Some may find it surprising that many of the people who stop at the campground, which is surrounded by NASCAR, dirt and drag tracks, hold not a single thought of racing in their minds.
"There are a lot of people traveling through, us being so close to I-85," said Tammy Weaver, who helps operate the year-round campground. "We have campers every day out of the week."
The reasons people come during the offseason vary as much as the drivers who are on the pole each race.

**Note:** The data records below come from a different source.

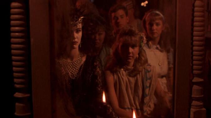 一伙儿青少年于万圣夜组团来到废弃的殡仪馆举办派对,然后邪灵“巴拉巴拉”将他们逐个杀掉的经典公式情节 … 视觉风格还是纯粹的80年代特有的味儿;片头设计气氛很足;化妆效果啥的属于那会儿同类型中的常规水平;这类电影通常必有以下元素:尖叫、裸体、血液、暴力、朋克乐和中低智商的角色 … 但我爱这样的电影;将口红塞进“胸器”的特效做的不错;回过头来发现,【Angela】所戴的十宇架耳环,在被恶魔附身后是颠倒的!
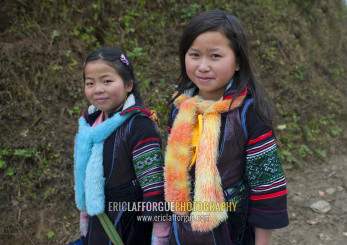 Black hmong girls wearing traditional scarves, Sapa, Vietnam
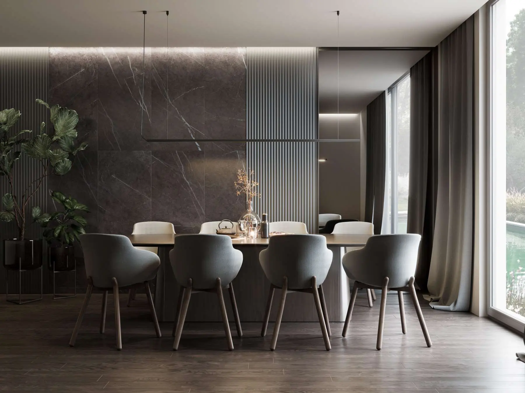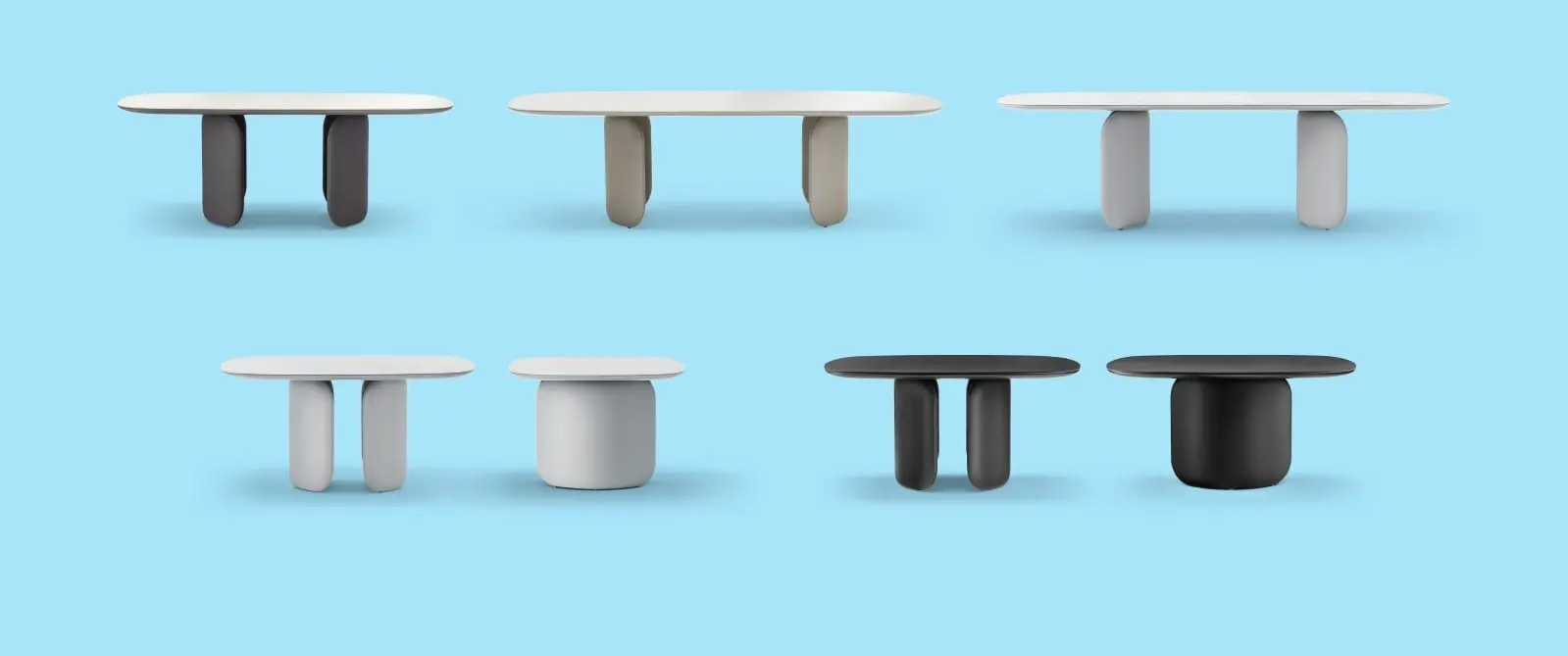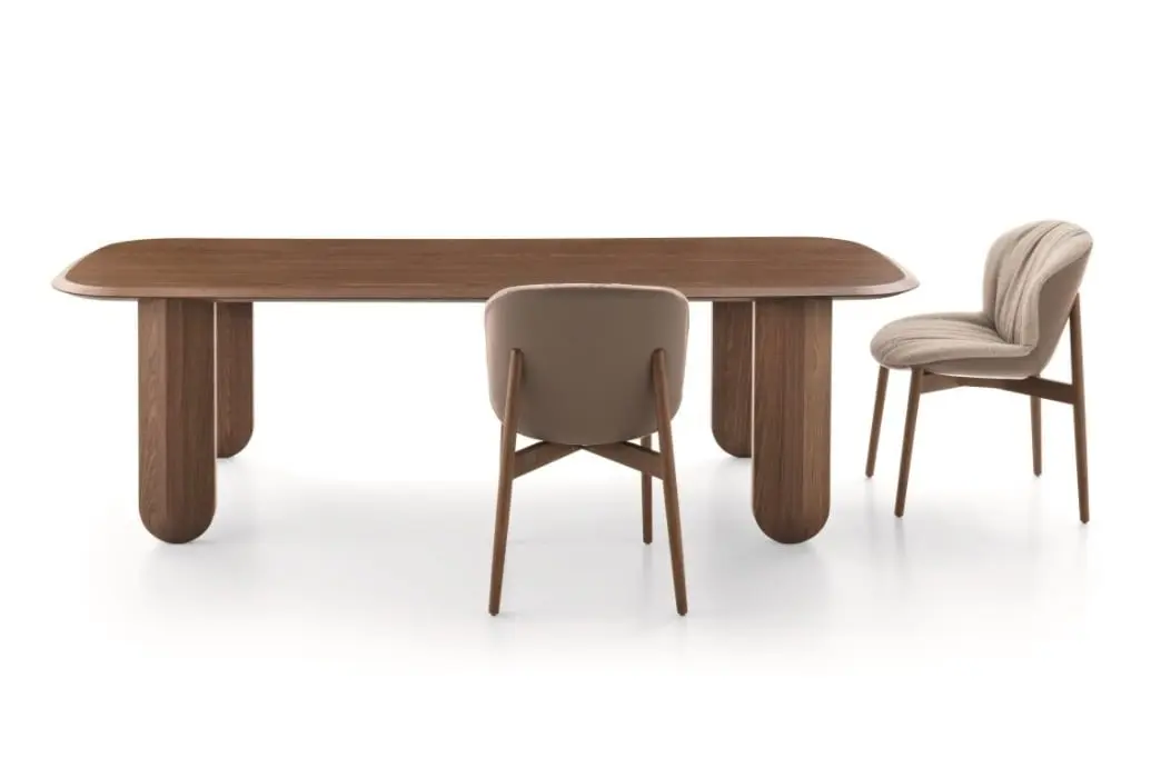 Kolekcja stołów Elinor, o miękkich, zaokrąglonych liniach. Projektantem stołu jest Claudio Bellini. Podstawę tworzą dwa elementy odlewane o stałych wymiarach, wykonane z pianki poliuretanowej i obite naturalną skórą. Pootrzymuj one super cienki blat z laminatu o grubości 6 mm lub białego szkła.

There's the lady who traveled in her RV to be close to her husband, recuperating from heart surgery at a nearby hospital. Each morning she leaves the campground to spend her day in his hospital room.

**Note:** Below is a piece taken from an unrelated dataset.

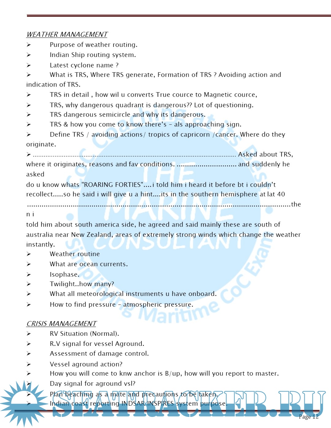 Orals Question Bank (February 2023) for Chief Mate F.G. Mercantile Marine Department (MMD), India…

A few spaces down, a businessman stays. He'll leave in a few days when his project in town is complete.
The Offutts came for yet another reason. "Right now, we're waiting out the hurricane," said Loren, who lives near Hubert, a small N.C. coastal town near Camp Lejeune. "We've ridden out about four of them," he said. "It's not fun."
They decided to stay away this time. Watching the damage in real time proves too distressing. "Our cars were floating," said Elke-Margrit, of a past hurricane.
The Offutts began full-time RVing three months ago. Glimpses of their lives appear in the knickknacks around their motor home. She is a retired school teacher, he is a retired Marine and avid boater. A painting of a lighthouse covered with faint student handprints, a gift from her school's art teacher, hangs on a wall. A clock, shaped out of an old-fashioned deep-sea diving helmet, sits between their chairs. A chainsaw woodcarving of a pelican rests beside their dining table.
Elke-Margrit unrolls a carpet outside. She hangs lights from the awning to turn the space into a cozy, portable patio. They chat with any of the ever-changing neighbors who stop by for a visit.
"Everybody is really friendly," she said. "It's like a new family everywhere you go."
They'll stay just a few days before pushing off, leaving their lot ready to welcome its new tenants.
"This is a good overnight stop, even if they're not a race fan," said Weaver.